To give another example, let’s say you are examining a dataset to find a sequence of blocks with seven colors: black, blue, green, purple, red, white, and yellow. This makes things much easier if you don’t care about the order in which the blocks are arranged. If order were important, there would be 5,040 combinations to find. However, if all you are interested in is the sequence of blocks in which all seven colors appear, you have reduced the number of items or sequences you search from 5,040 to just one.
Tahmasebi and Jegelka discovered that it is possible to achieve a different kind of gain through symmetry that operates across multiple dimensions: exponential gain. This advantage is related to the notion that the complexity of the learning task increases exponentially with the dimensionality of the data space.
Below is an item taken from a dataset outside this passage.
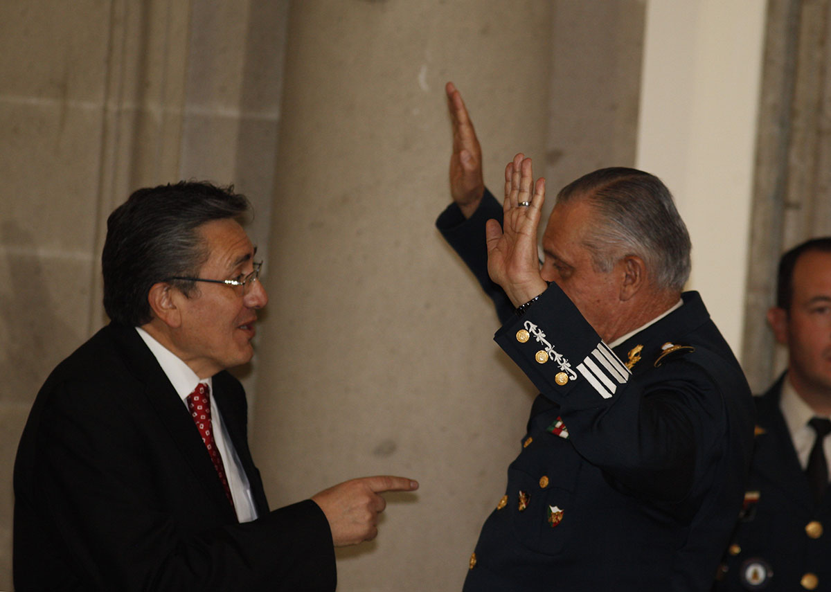 Tenso diálogo entre el ombudsman González y Cienfuegos en Palacio Nacional. Foto: Eduardo Miranda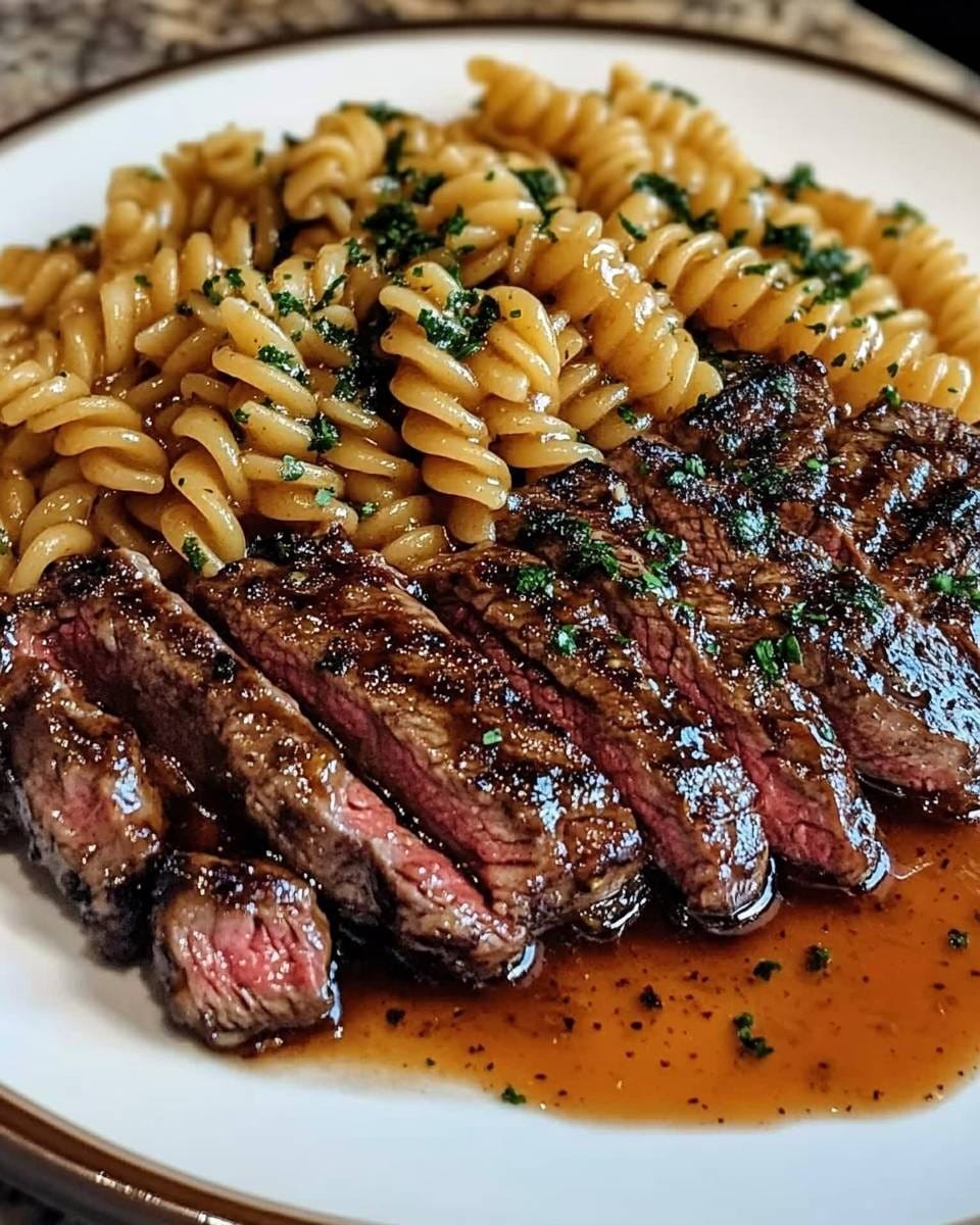 Egy jó tányér szaftos steak, mézes-fokhagymás mártással megszórt rotini tésztával, tökéletes kombináció egy ízletes és laktató étkezéshez.

Therefore, exploiting multidimensional symmetries can yield disproportionately large returns. “This is a new contribution that basically tells us that higher-dimensional symmetries are more important because they can give us exponential gains,” says Tahmasebi.
The NeurIPS 2023 paper he wrote with Jegelka contains two mathematically proven theorems. “The first theorem shows that the general algorithm we provide can improve sample complexity,” says Tahmasebi. The second theorem complements the first, he added. “It shows that this is the best gain you can get. “You get nothing else.”
He and Jegelka provided a formula to predict the gain from a particular symmetry for a given application. The advantage of this formula, says Tahmasebi, is its generality. “It works for any symmetry and input space.” This can apply not only to symmetries known today, but also to symmetries yet to be discovered in the future. The latter prospect is not too far-fetched, considering that the search for new symmetries has long been a major driving force in physics. This suggests that the methodology introduced by Tahmasebi and Jegelka will get better over time as more symmetries are discovered.
According to Haggai Maron, a computer scientist at the Technion (Israeli Institute of Technology) and NVIDIA who was not involved in the work, the approach presented in the paper “differs significantly from previous work on the subject, including by adopting a geometrical perspective and using tools from the differential approach. Geometry. These theoretical contributions provide mathematical support to the emerging subfield of ‘geometric deep learning’ with applications to graph learning, 3D data, etc. This paper establishes a theoretical foundation to guide further development of this rapidly expanding field of research. “It helps.”